**TASK OBJECTIVE**
Working from the entries that follow, transcribe exactly and only the lines from the one with "Batoh je zhotovený" through the last, pictures excluded.

:: SUPPLIED DATA

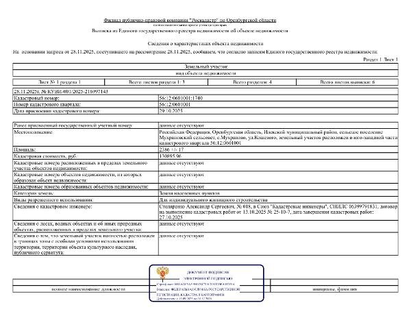 Местоположение земельного участка: Российская Федерация, Оренбургская область, Илекский муниципальный район, сельское поселение Мухрановский сельсовет, с. Мухраново, ул. Кошевого, земельный участок расположен в юго-западной части кадастрового квартала 56:12:0601001. Площадь: 2386 кв.м. Вид разрешенного использования: Для индивидуального жилищного строительства. Категория земель: земли населенных пунктов. Канал: Госземля Оренбургская область Область: обл Оренбургская Район: м.р-н Илекский Населенный пункт: с.п. Мухрановский сельсовет, с Мухраново Локация: Смотреть на карте ВРИ: Для индивидуального жилищного строительства Кадастровый номер: 56:12:0601001:1740 Кадастровая стоимость: - Вид сделки: Продажа Площадь: 2386 м² Начальная цена: 134450.00 руб. Дата завершения: 09.02.2026 Подробнее: ГИС ТОРГИ #госземля #земляотгосударства #земля #земельныйучасток #земельныеторги #торги #аукцион #продажаземли #продажа #оренбургскаяобласть
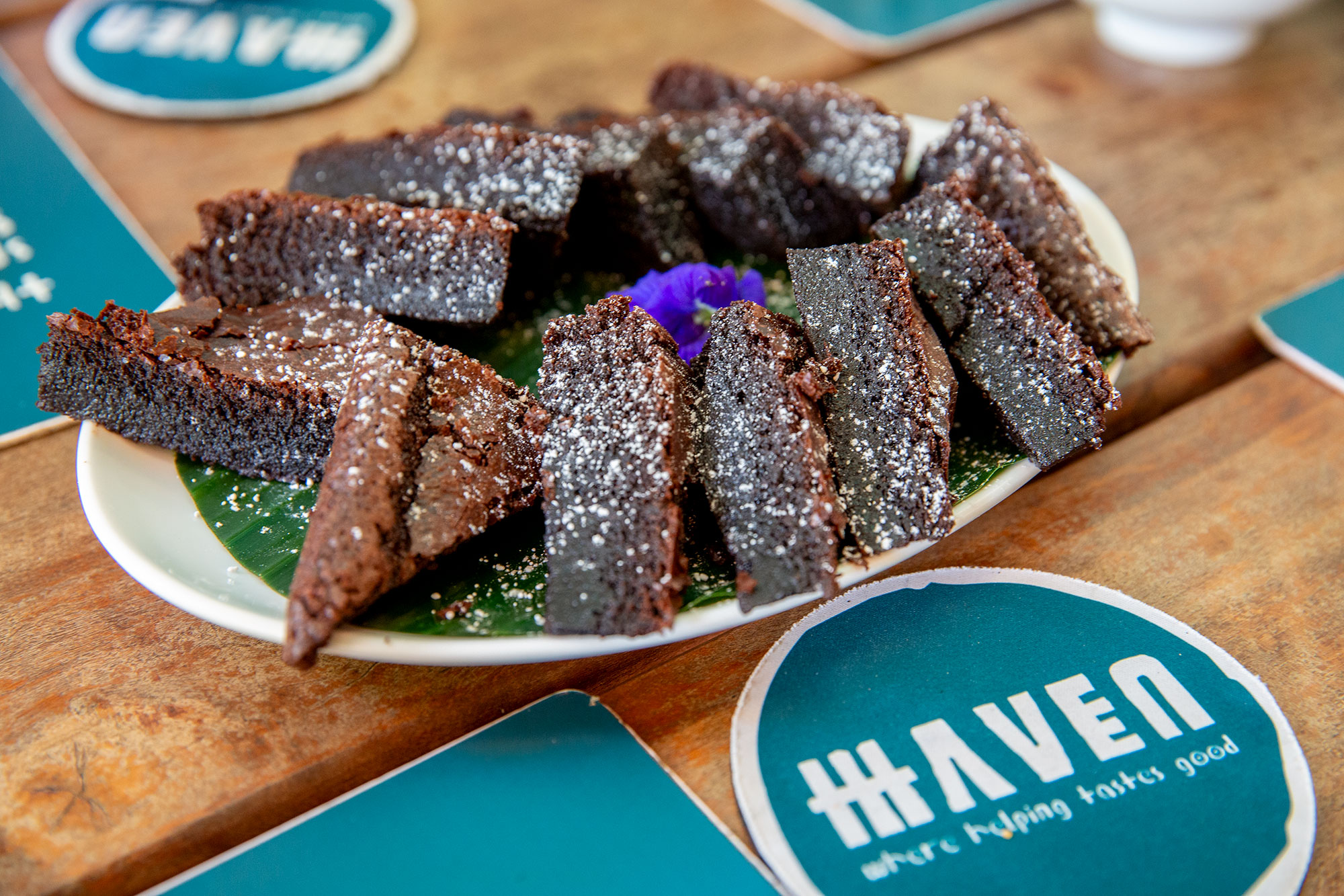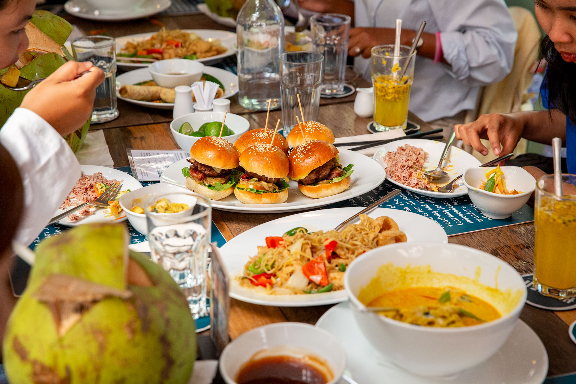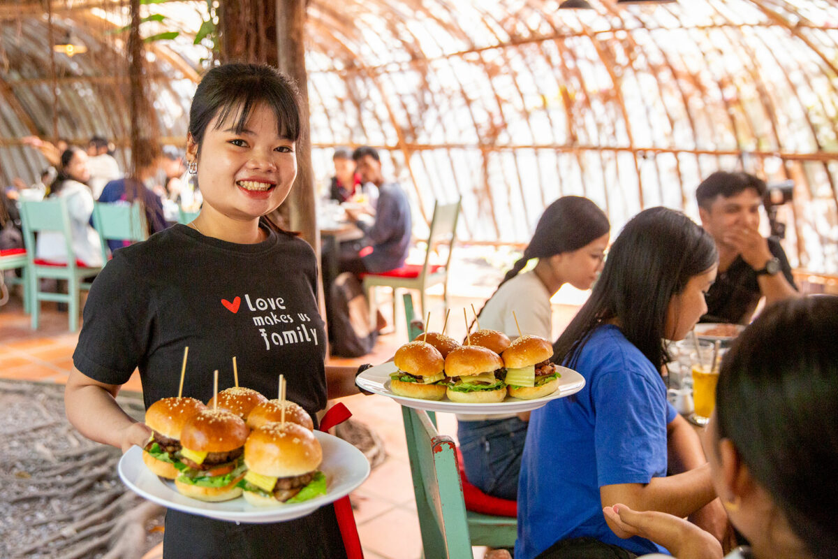 Wie in Kambodscha üblich, wurde im „Family Style“ serviert. Die verschiedenen Gerichte wurden in die Mitte der Tische gestellt und gemeinsam geteilt. Auf dem Tisch standen Fried Spring Rolls, Green Mango Salad, Fried Ginger Chicken und Amok Fish. Ergänzt wurde das Menü mit Mini HAVEN Cheeseburgers. Zum Dessert gab es kleine Schokoladenkuchen. Die wenigen Reste, die übrig blieben, packten die Jugendlichen ein und brachten sie ihren Familien mit nach Hause.
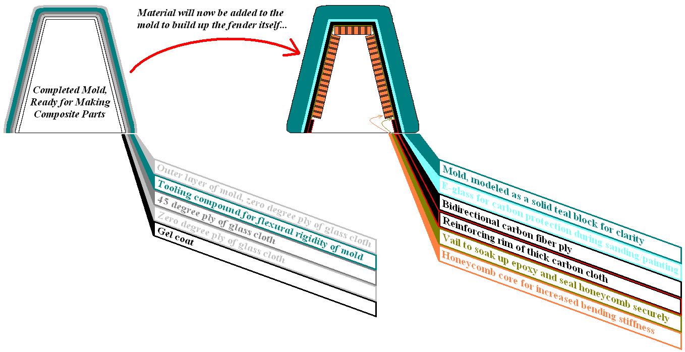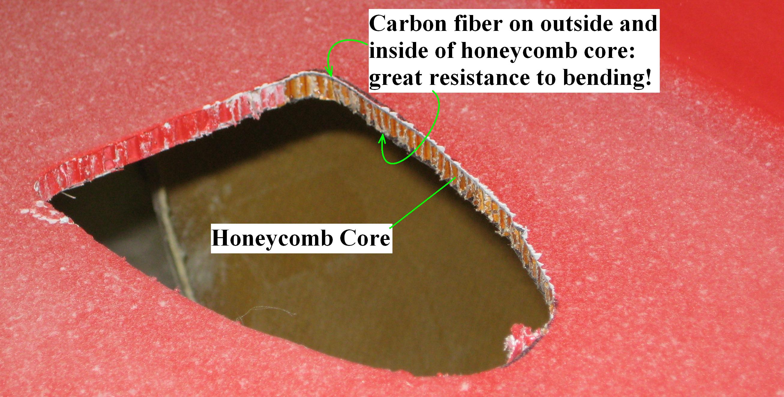 Honeycomb / foam core will be epoxied between two layers of carbon fiber in the fender layup process.  This is done for the same reason that the tooling compound was used in building the mold: by having the carbon fiber cloth placed far from the neutral axis, the fender will have much greater resistance to bending deflection (except honeycomb core is much lighter than tooling compound!).  Here is an example of this layup which I saw in a ducting hole from an older fender:
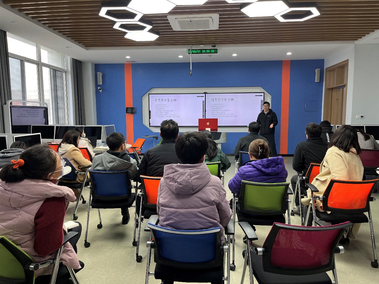 为提升高职院校教师科学研究能力,提高科研项目申报书撰写质量, 3月21日下午,由九三学社南京大学委员会和球友会在线共同主办的“社校互动 普职融通”教师科研能力培训活动在球友会在线博学楼408智慧教室举行。活动采用线上+线下相结合的方式,九三学社南京大学委员会副主委、南京大学天文与空间科学学院教授陈鹏飞线上交流,南京大学天文与空间科学学院副教授徐晓杰作了主题讲座和项目辅导。拟申报2023年度江苏省高等学校基础科学(自然科学)研究面上项目和其他相关纵向科研项目的教师参加了本次培训。
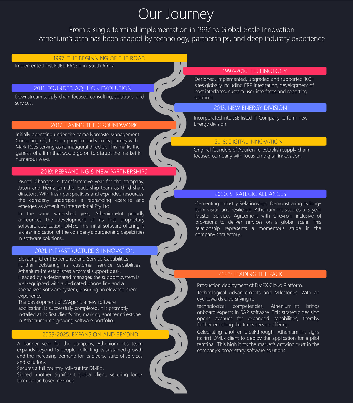 Athenium International is a global consulting and technology services firm specializing in fuel terminal automation and enterprise integration. What sets us apart is our people—each team member brings real-world oil & gas expertise, from field instrumentation to SAP configuration, from business process design to hands-on troubleshooting.
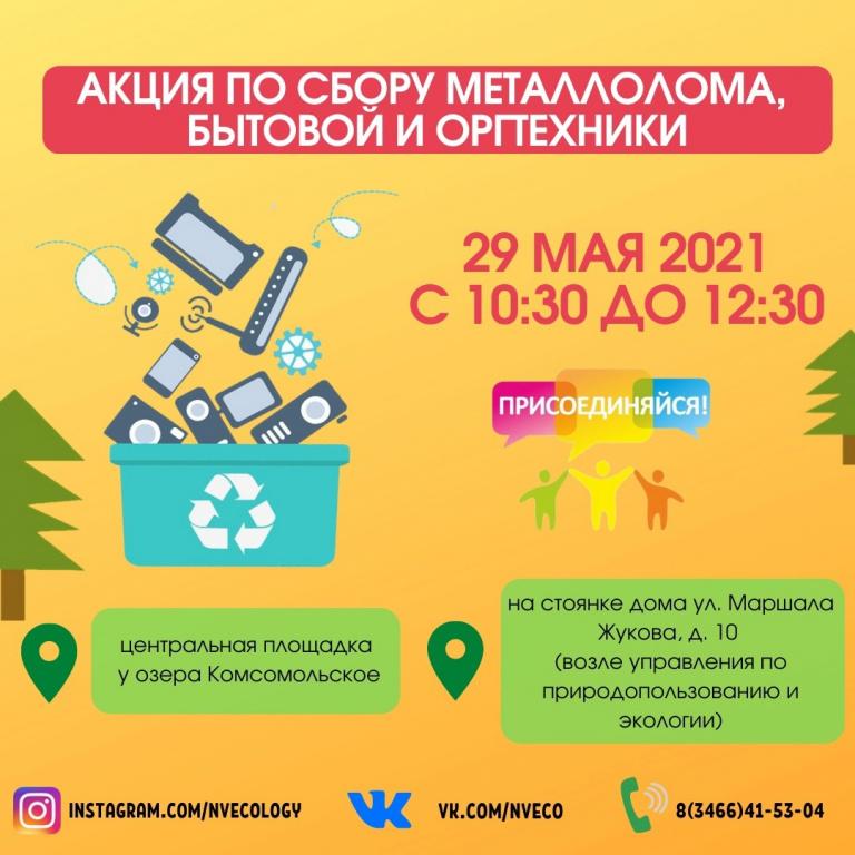 В Нижневартовске 29 мая пройдет акция «Экорасхламление». Она нацелена на сбор металлолома, отработанной бытовой и оргтехники. Принять участие в экологическом мероприятии приглашаются жители города.
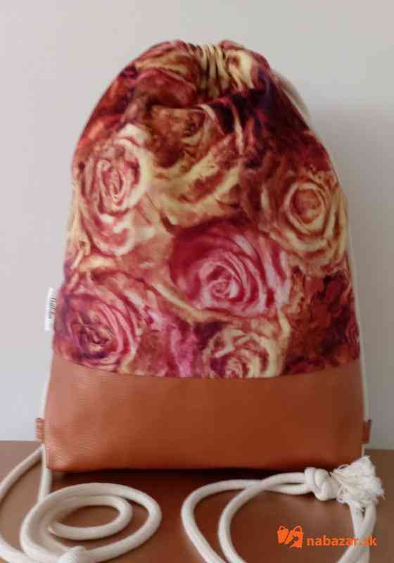 Batoh je zhotovený zo zamatu v kombinácii s eko kožou. Je podšitý bavlnenou látkou, má dve vnútorné vrecká a samozrejme nesmie chýbať praktická karabínka na kľúče.
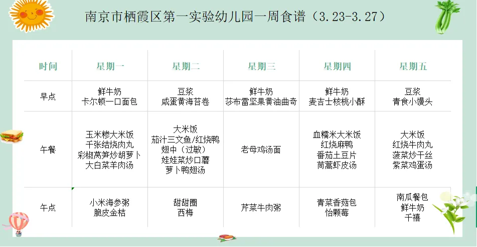 >【畅美食刻】南京市栖霞区第一实验幼儿园一周食谱(3.23—3.27)
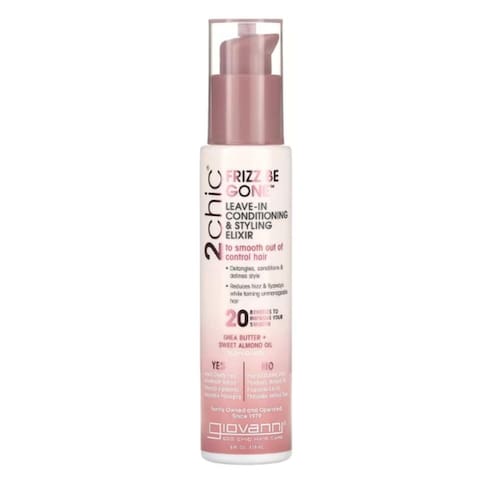 Cuidado hidratante para o cabelo — O elixir condicionador e modelador GIOVANNI 2chic Frizz Be Gone melhora a elasticidade do cabelo, seda os cabelos e define o estilo. Reduz o frizz enquanto deixa seu cabelo macio

::::

**EXERCISE ANSWER**
 Batoh je zhotovený zo zamatu v kombinácii s eko kožou. Je podšitý bavlnenou látkou, má dve vnútorné vrecká a samozrejme nesmie chýbať praktická karabínka na kľúče.
 >【畅美食刻】南京市栖霞区第一实验幼儿园一周食谱(3.23—3.27)
 Cuidado hidratante para o cabelo — O elixir condicionador e modelador GIOVANNI 2chic Frizz Be Gone melhora a elasticidade do cabelo, seda os cabelos e define o estilo. Reduz o frizz enquanto deixa seu cabelo macio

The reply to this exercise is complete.